Mutual and Hedge’s funds are often confused, possibly due to several similarities. The major difference between the two is that Mutual funds have lots of investors and are considered flexible and liquid.

On the other hand, Hedge funds have only a few investors and are considered neither flexible nor liquid. 

Frequently Asked Questions (FAQs) 

Q1. What are the different types of Mutual funds and Hedge funds? 

The former can be categorized into eight classes: Global Macro, Equity, Relative Value, and Activist, while the latter can be categorized into four classes: Stock, Bond, Index, Balanced, Money Market, Income, Global, and Speciality.

Q2. Why are Hedge funds not considered flexible? 

Hedge funds are not considered flexible because they can not be redeemed easily and are considered less liquid.
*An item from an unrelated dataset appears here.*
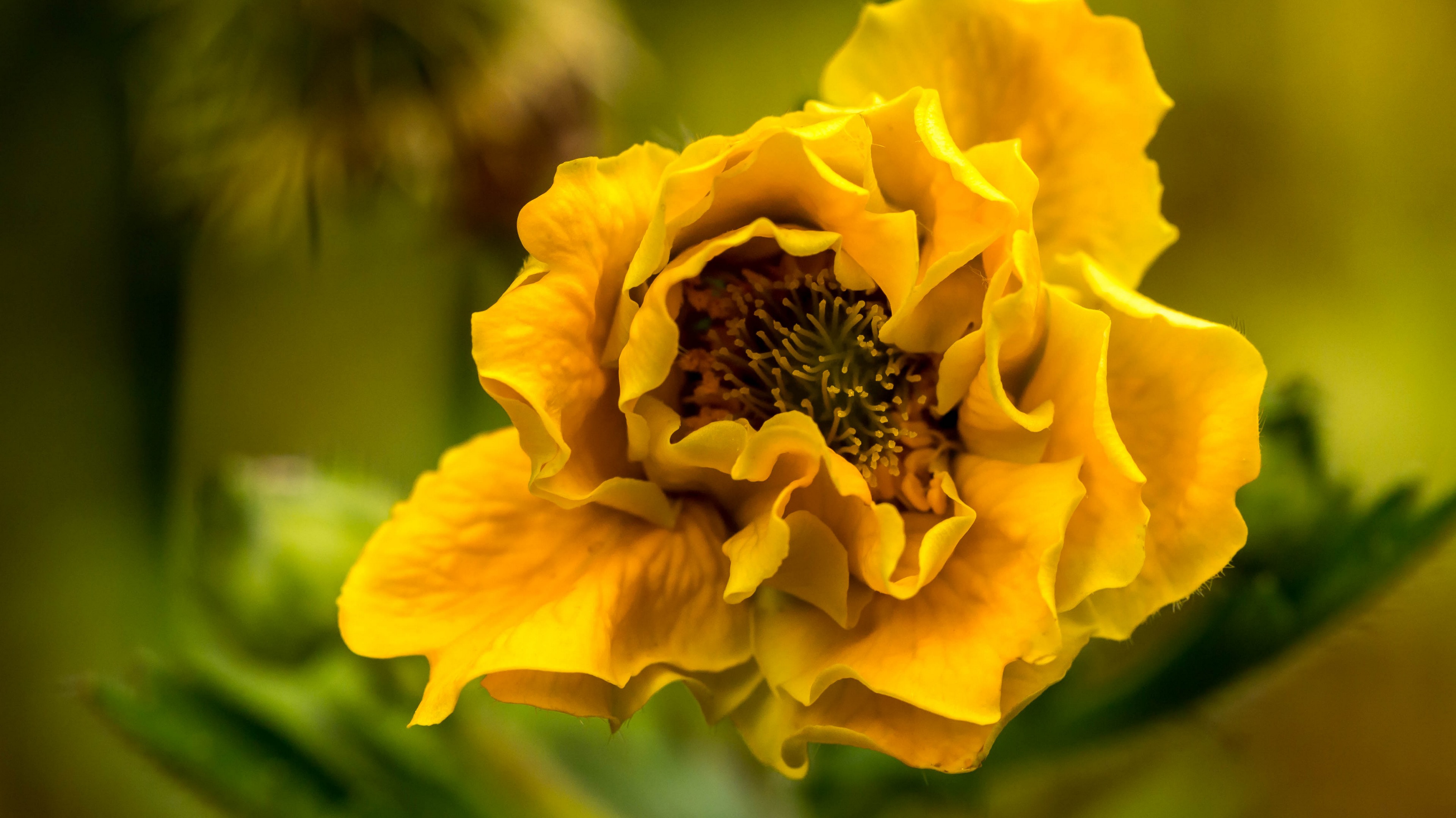 Description: A yellow flower with a green background and a blurry image of a flower in the background with a blurry background.

Moreover, they can not be redeemed for at least one-year post-investment. 

Q3. What are the fees involved in Mutual and Hedge funds? 

Mutual funds are associated with a 12b-1 fee, while Hedge funds are associated with a two percent management fee and a twenty percent performance fee. 

Q4. Why is the expense ratio of Hedge funds higher than Mutual funds? 

The expense ratio of Hedge funds is more than Mutual funds because the former is associated with performance and management fees. In contrast, the latter is associated with only one type of fee: the 12b-1 fee. 

Q5. What are the significant differences between Mutual and Hedge funds? 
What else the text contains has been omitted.